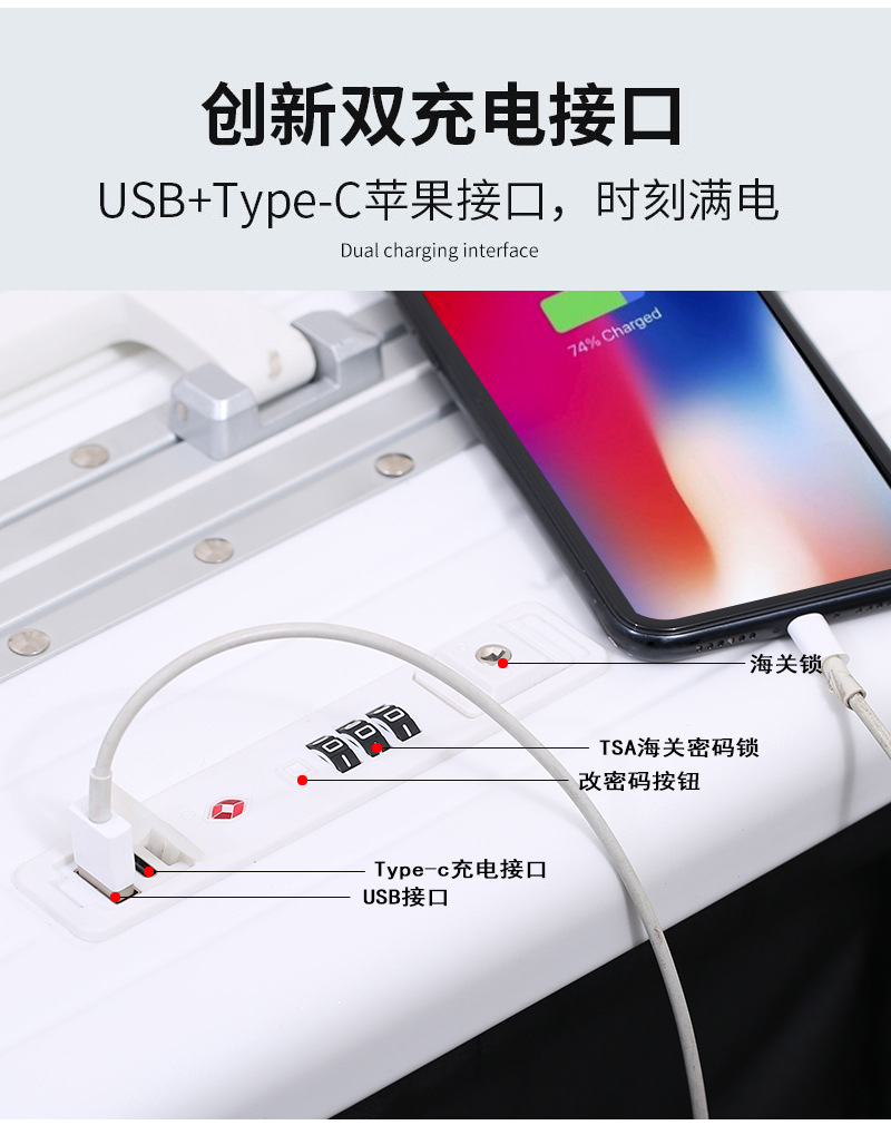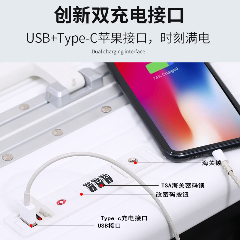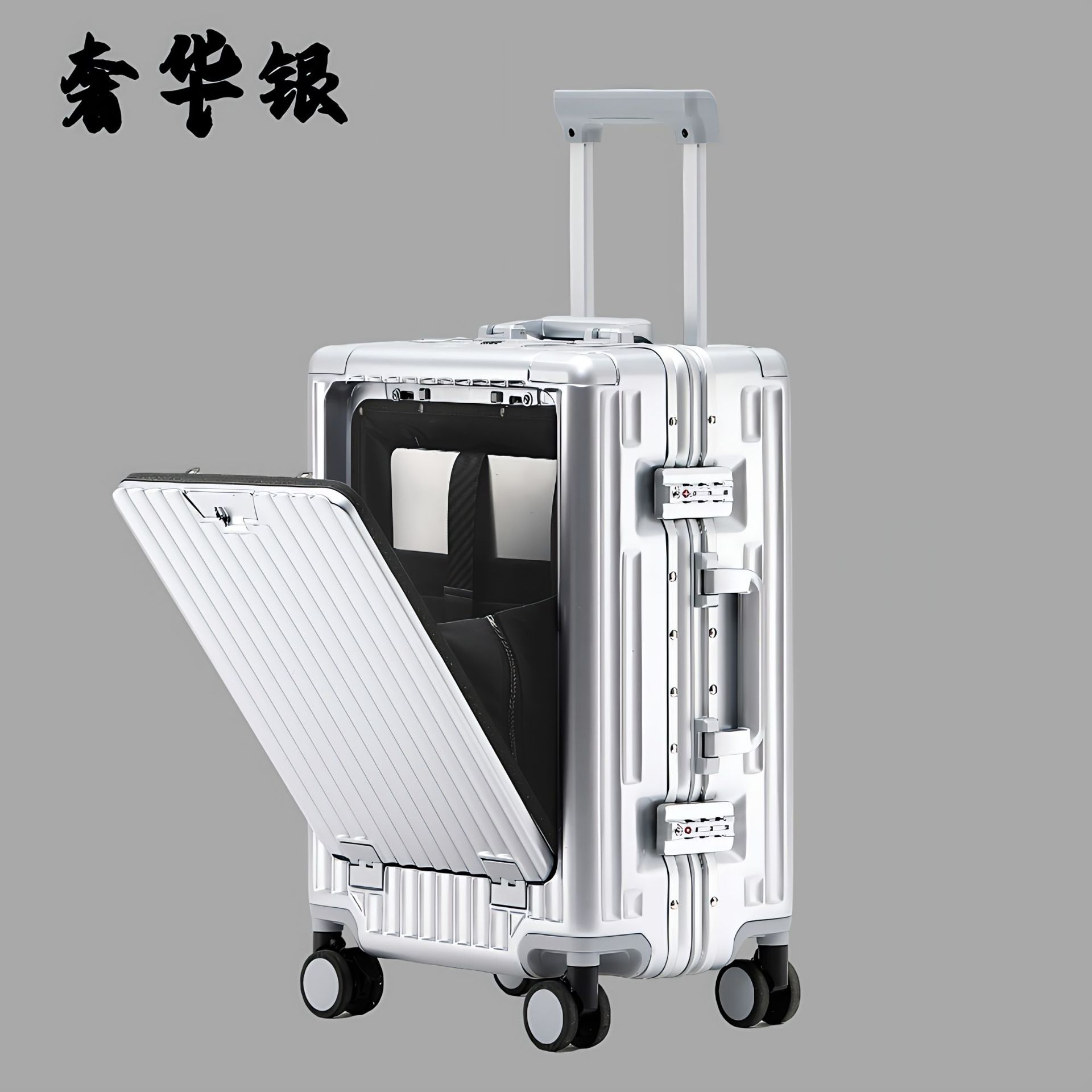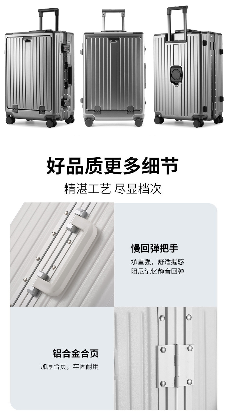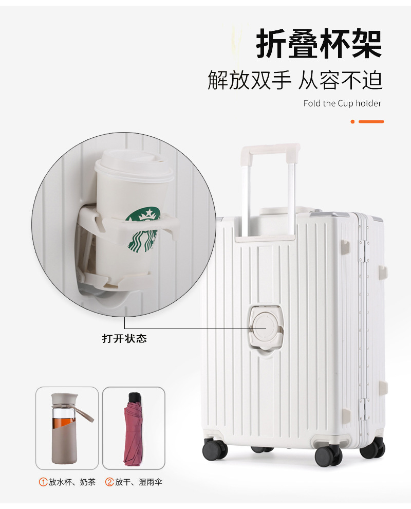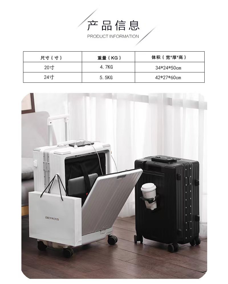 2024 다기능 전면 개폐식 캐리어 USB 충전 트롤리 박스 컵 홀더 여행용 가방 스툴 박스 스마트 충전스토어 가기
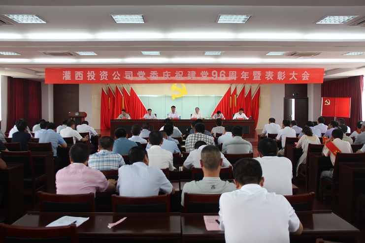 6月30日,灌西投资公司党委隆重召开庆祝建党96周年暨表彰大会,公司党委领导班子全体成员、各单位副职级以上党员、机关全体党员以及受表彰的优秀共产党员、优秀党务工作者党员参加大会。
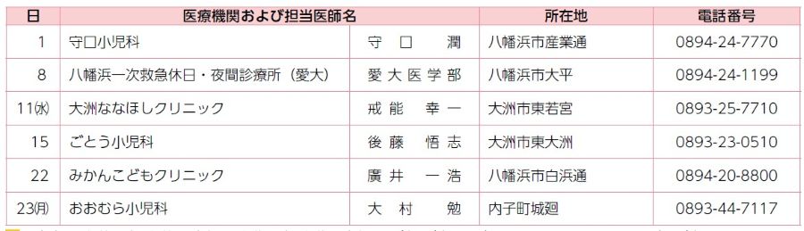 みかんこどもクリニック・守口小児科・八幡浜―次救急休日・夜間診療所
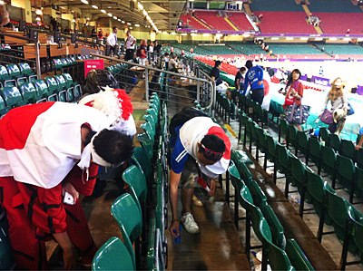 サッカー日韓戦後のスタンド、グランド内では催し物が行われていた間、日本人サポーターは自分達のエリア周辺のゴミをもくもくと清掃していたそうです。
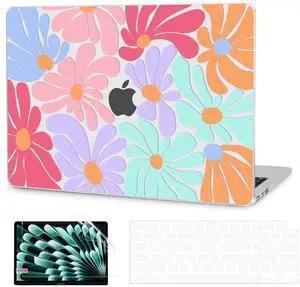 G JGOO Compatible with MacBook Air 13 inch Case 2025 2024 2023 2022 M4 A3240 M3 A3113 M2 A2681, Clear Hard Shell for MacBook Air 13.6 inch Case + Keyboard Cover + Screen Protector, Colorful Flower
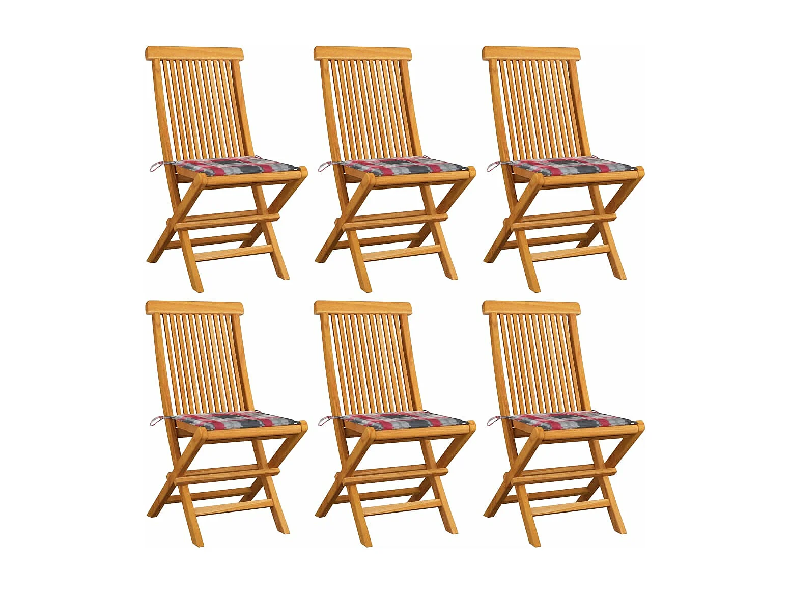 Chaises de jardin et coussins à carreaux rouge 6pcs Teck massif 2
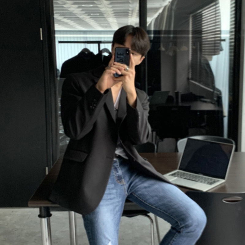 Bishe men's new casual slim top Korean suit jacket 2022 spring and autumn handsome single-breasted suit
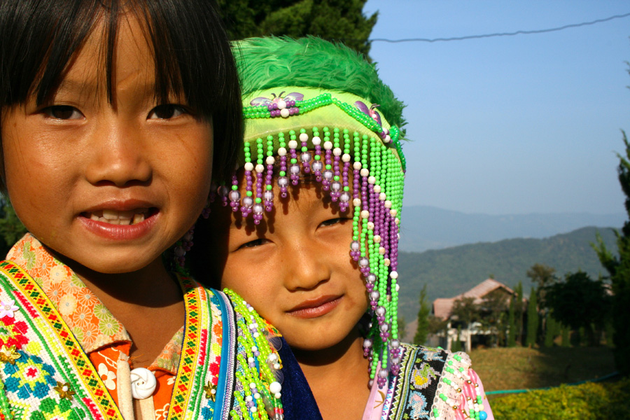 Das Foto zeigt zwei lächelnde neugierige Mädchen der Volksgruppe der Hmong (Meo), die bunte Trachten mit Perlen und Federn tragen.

» **Action item**: Transcribe exactly the lines from the one holding "Bishe men's new" through the final line of the material above, both ends included; any pictures should be dropped.

» **Solution**:
 Bishe men's new casual slim top Korean suit jacket 2022 spring and autumn handsome single-breasted suit
 Das Foto zeigt zwei lächelnde neugierige Mädchen der Volksgruppe der Hmong (Meo), die bunte Trachten mit Perlen und Federn tragen.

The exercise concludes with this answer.